**What is needed:** When you reproduce the listing, keep every word as it is and drop the pictures.

**Collected material:**
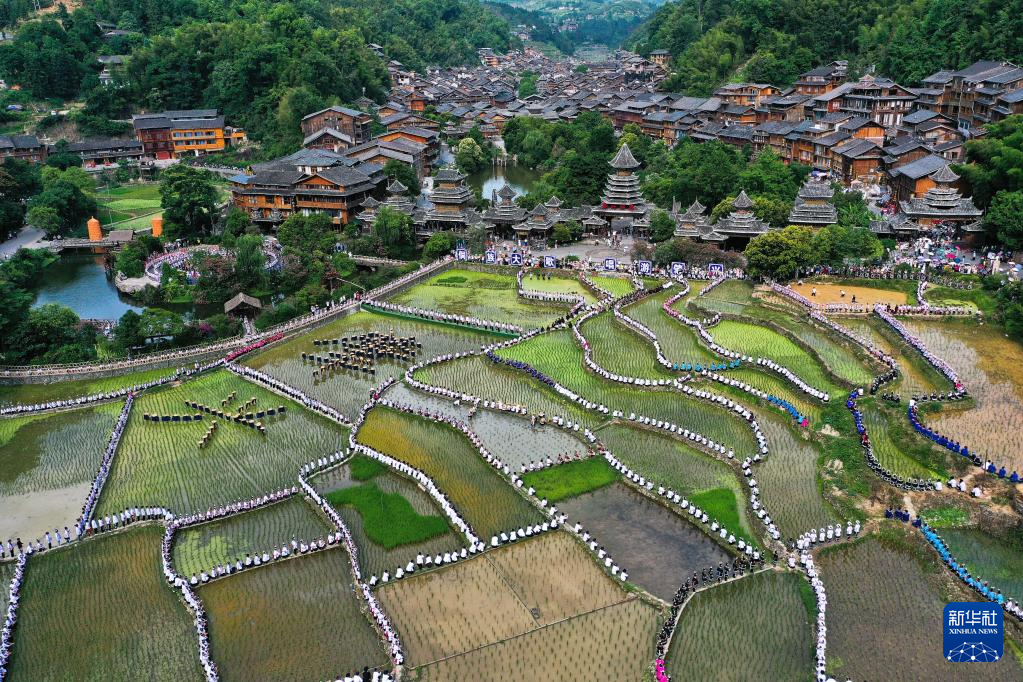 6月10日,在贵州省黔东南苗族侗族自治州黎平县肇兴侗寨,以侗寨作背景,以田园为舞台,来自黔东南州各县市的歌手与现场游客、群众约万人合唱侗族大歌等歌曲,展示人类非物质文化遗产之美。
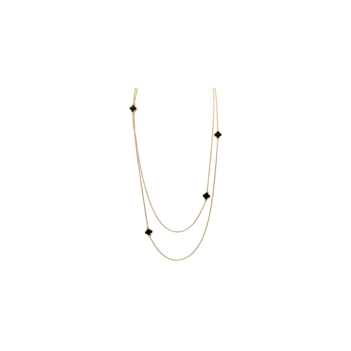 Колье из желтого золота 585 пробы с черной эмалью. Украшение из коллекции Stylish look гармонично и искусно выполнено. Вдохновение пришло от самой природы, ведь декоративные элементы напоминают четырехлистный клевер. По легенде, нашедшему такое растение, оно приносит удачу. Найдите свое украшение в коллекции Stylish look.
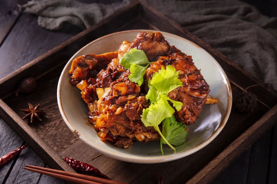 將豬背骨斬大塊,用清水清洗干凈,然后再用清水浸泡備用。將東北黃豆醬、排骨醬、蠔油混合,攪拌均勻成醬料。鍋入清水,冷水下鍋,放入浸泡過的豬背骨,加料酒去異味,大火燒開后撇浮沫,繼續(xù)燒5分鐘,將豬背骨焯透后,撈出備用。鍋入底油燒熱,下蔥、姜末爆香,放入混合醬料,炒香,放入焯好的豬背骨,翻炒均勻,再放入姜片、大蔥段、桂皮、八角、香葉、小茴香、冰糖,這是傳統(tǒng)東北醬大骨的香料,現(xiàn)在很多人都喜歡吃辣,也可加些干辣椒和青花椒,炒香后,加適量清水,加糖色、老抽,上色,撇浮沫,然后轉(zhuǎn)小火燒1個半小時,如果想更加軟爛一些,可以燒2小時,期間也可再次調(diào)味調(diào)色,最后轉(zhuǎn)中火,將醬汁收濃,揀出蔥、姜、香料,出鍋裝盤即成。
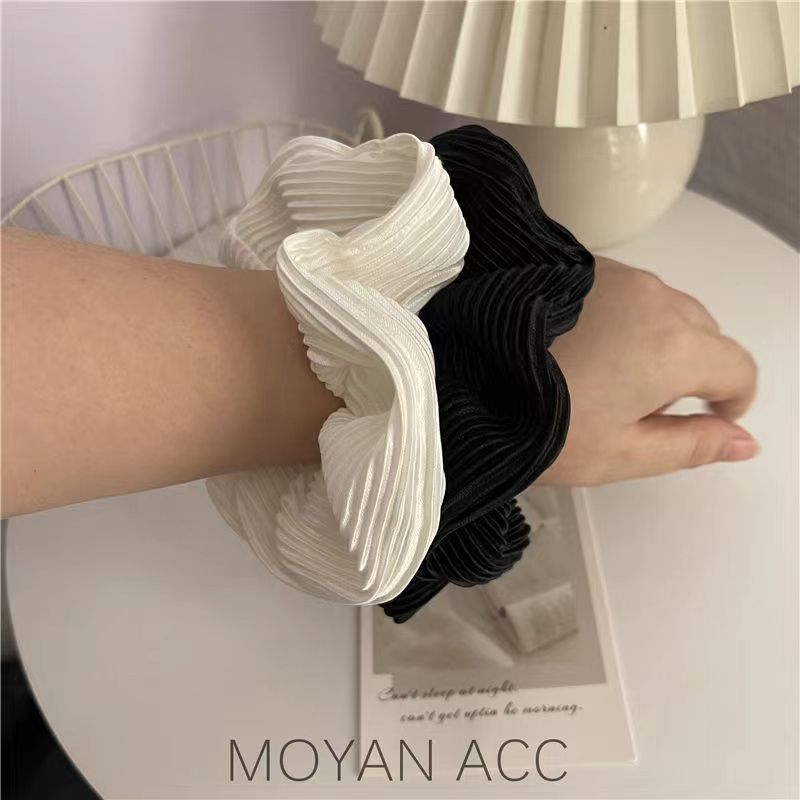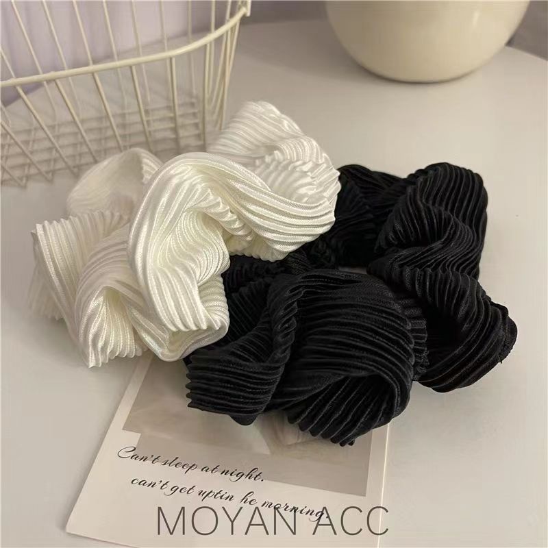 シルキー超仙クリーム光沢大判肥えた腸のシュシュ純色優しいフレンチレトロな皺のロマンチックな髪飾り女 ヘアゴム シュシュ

**Answer to the exercise:**
 6月10日,在贵州省黔东南苗族侗族自治州黎平县肇兴侗寨,以侗寨作背景,以田园为舞台,来自黔东南州各县市的歌手与现场游客、群众约万人合唱侗族大歌等歌曲,展示人类非物质文化遗产之美。
 Колье из желтого золота 585 пробы с черной эмалью. Украшение из коллекции Stylish look гармонично и искусно выполнено. Вдохновение пришло от самой природы, ведь декоративные элементы напоминают четырехлистный клевер. По легенде, нашедшему такое растение, оно приносит удачу. Найдите свое украшение в коллекции Stylish look.
 將豬背骨斬大塊,用清水清洗干凈,然后再用清水浸泡備用。將東北黃豆醬、排骨醬、蠔油混合,攪拌均勻成醬料。鍋入清水,冷水下鍋,放入浸泡過的豬背骨,加料酒去異味,大火燒開后撇浮沫,繼續(xù)燒5分鐘,將豬背骨焯透后,撈出備用。鍋入底油燒熱,下蔥、姜末爆香,放入混合醬料,炒香,放入焯好的豬背骨,翻炒均勻,再放入姜片、大蔥段、桂皮、八角、香葉、小茴香、冰糖,這是傳統(tǒng)東北醬大骨的香料,現(xiàn)在很多人都喜歡吃辣,也可加些干辣椒和青花椒,炒香后,加適量清水,加糖色、老抽,上色,撇浮沫,然后轉(zhuǎn)小火燒1個半小時,如果想更加軟爛一些,可以燒2小時,期間也可再次調(diào)味調(diào)色,最后轉(zhuǎn)中火,將醬汁收濃,揀出蔥、姜、香料,出鍋裝盤即成。
 シルキー超仙クリーム光沢大判肥えた腸のシュシュ純色優しいフレンチレトロな皺のロマンチックな髪飾り女 ヘアゴム シュシュ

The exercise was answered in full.